De Centrale Raad van Beroep heeft de zaak behandeld op 2 december 2005, waarbij appellant niet aanwezig was. De Raad heeft vastgesteld dat de berekening van het dagloon niet meer ter discussie staat en dat appellant geen medische gegevens heeft ingediend die twijfels oproepen over het belastbaarheidspatroon. De Raad concludeert dat er geen sprake is van volledige arbeidsongeschiktheid op medische gronden, zoals gedefinieerd in de relevante wetgeving. De Raad onderschrijft het oordeel van de verzekeringsarts dat appellant ten tijde van de beoordeling duurzame benutbare mogelijkheden had voor het verrichten van loonvormende arbeid.
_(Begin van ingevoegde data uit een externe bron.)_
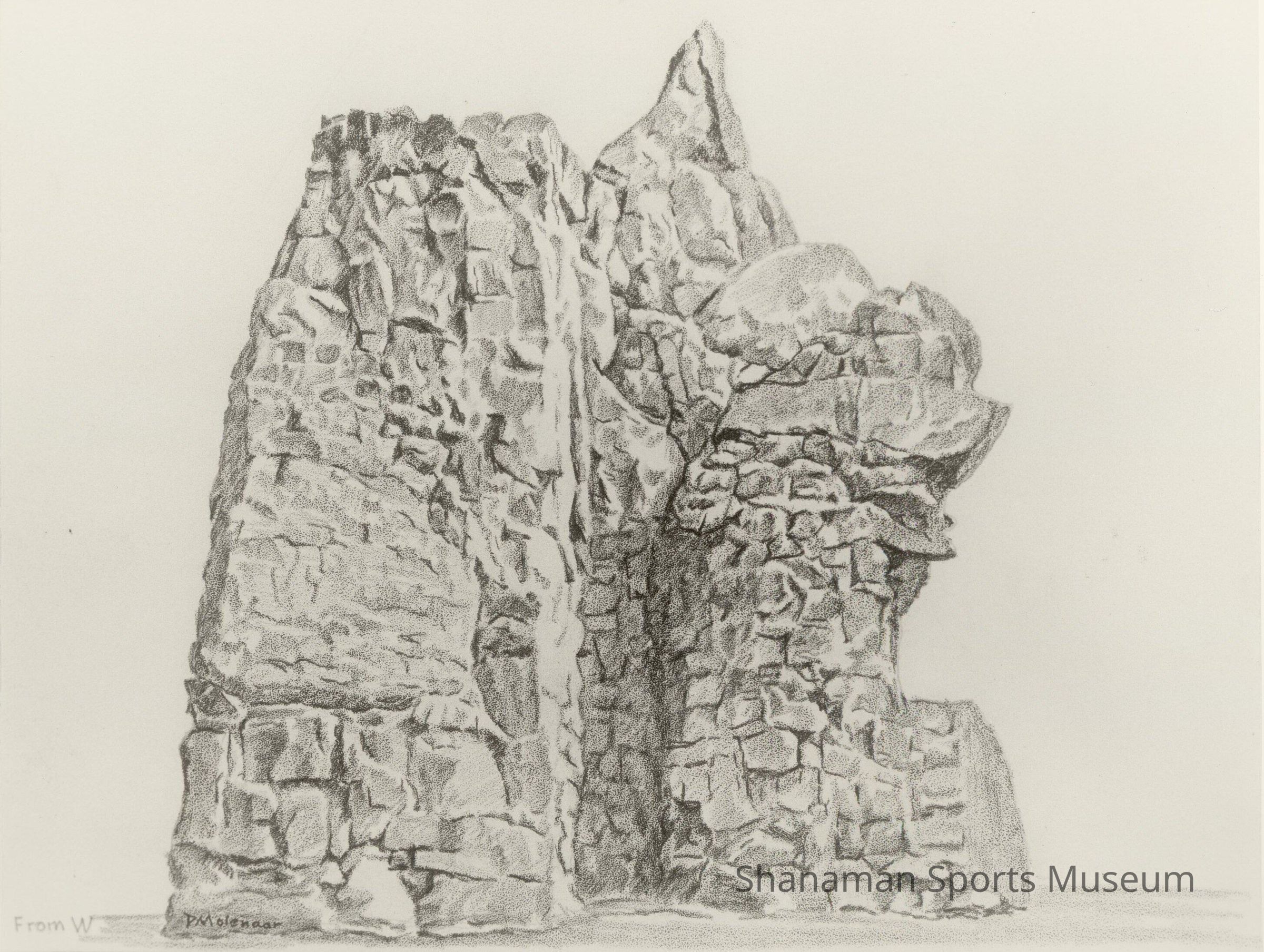 A sketch of SPIRE Rock by accomplished mountaineer, cartographer and artist Dee Molenaar. The Spanaway Ice and Rock Education outdoor climbing facility opened at Sprinker Recreation Center in 1976 and was built entirely by volunteers. Wayne Cooke served as the chairperson for the committee that spearheaded the project. Climbers designed SPIRE Rock as a place to hone their skills. Thousands of volunteer hours were needed to finish the project and to maintain it over the years. SPIRE Rock cost $4,016, according to Pierce County Parks and Recreation, a fraction of what it would have cost had the work been contracted out.Lexicon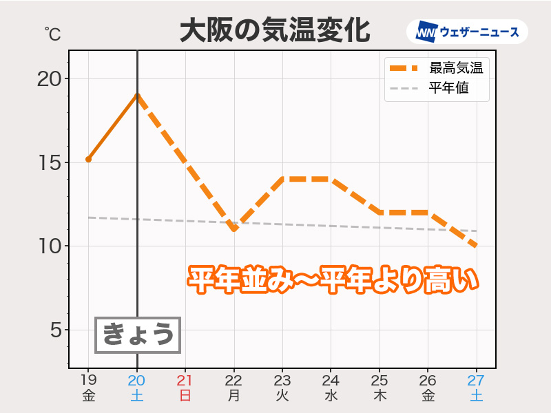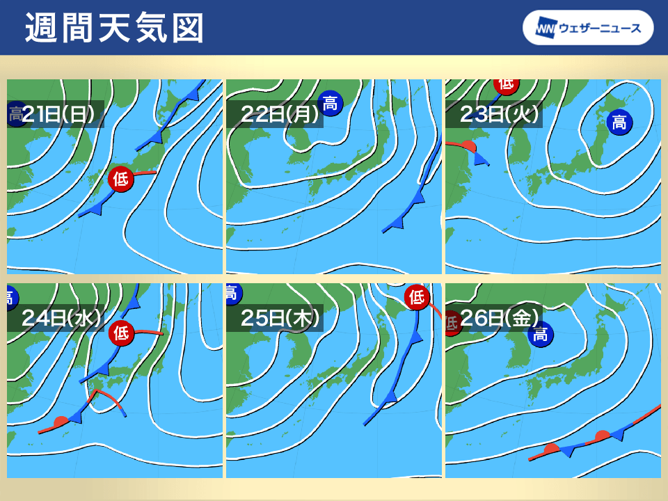 一方、22日(月)は気温が下がり、この時期らしい体感に戻ります。気温変化が大きくなるため、服装選びに注意してください。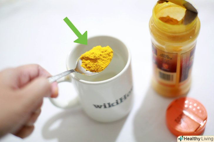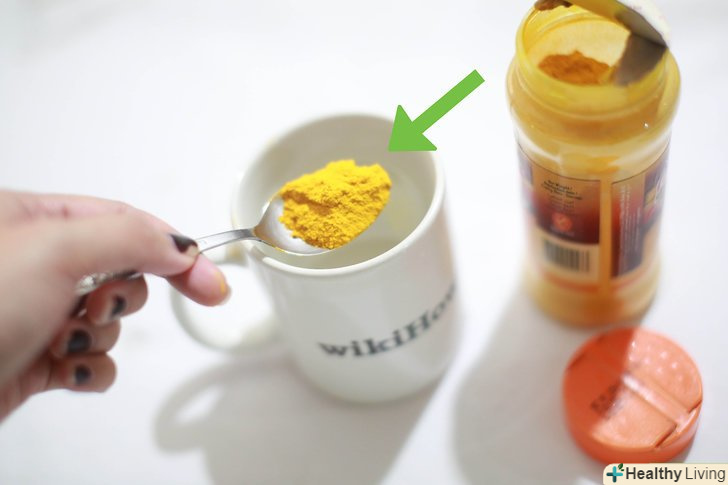 Додайте порошок куркуми в страви та напої. Куркума зазвичай продається у формі порошку. Ви можете додати в свій раціон близько 400-600 мг куркуми (3 рази на день). Ви можете додавати куркуму в соуси, супи і навіть напої, наприклад, в молоко або в чай. [2]- Щоб зробити чай з куркумою, закип'ятіть 1 склянку води і розчиніть в ньому 2 грами порошку куркуми. Ви також можете додати лимон, мед або імбир, щоб поліпшити смак чаю.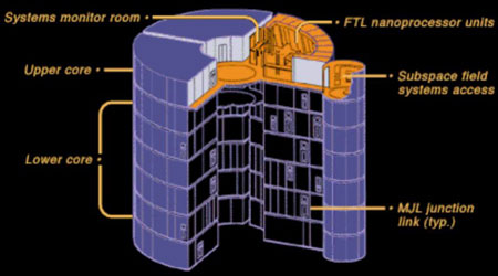 Standard Federation computer system design includes three fully redundant computer cores on board most Starfleet starships. These cores are cylindrical in shape and may be as large as ten decks depending on the size of the starship. Two main computer cores are normally placed in the primary hull that are 100% redundant, if either core fails the other core can assume the full load of computer processing with no interruption. A third core normally placed in the stardrive hull that serves as a back up to the first two cores and controls the stardrive section when separated from the primary hull. In the event of a failure of any of the cores, each core it able to control all primary systems onboard the starship.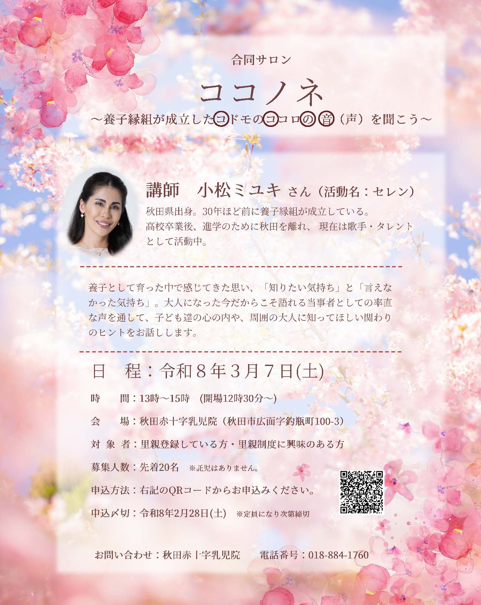 3月7日(土)13:00~15:00 秋田赤十字乳児院にて合同サロン「ココノネ」を開催いたします。 歌手・タレントとして活動中のセレンこと小松ミユキさんを講師にお招きし、養子として育った思いや、周囲の大人に知ってほしい関わりのヒントをお話いただきます。 チラシのQRコードからお申し込みください。 定員先着20名。定員になり次第締め切らせていただきます。 申込締切は2月28日(土)。 たくさんのお申し込みをお待ちしております。

De Raad heeft ook de arbeidskundige beoordeling van de geselecteerde functies bekeken en komt tot de conclusie dat de functies die zijn geselecteerd door de arbeidsdeskundige, zoals brugwachter en monteur transformatoren, passend zijn voor appellant. De Raad bevestigt de uitspraak van de rechtbank en ziet geen aanleiding om de beslissing van het Uitvoeringsinstituut werknemersverzekeringen te herzien. De uitspraak van de rechtbank wordt derhalve bevestigd, en er zijn geen termen aanwezig om een proceskostenvergoeding toe te kennen.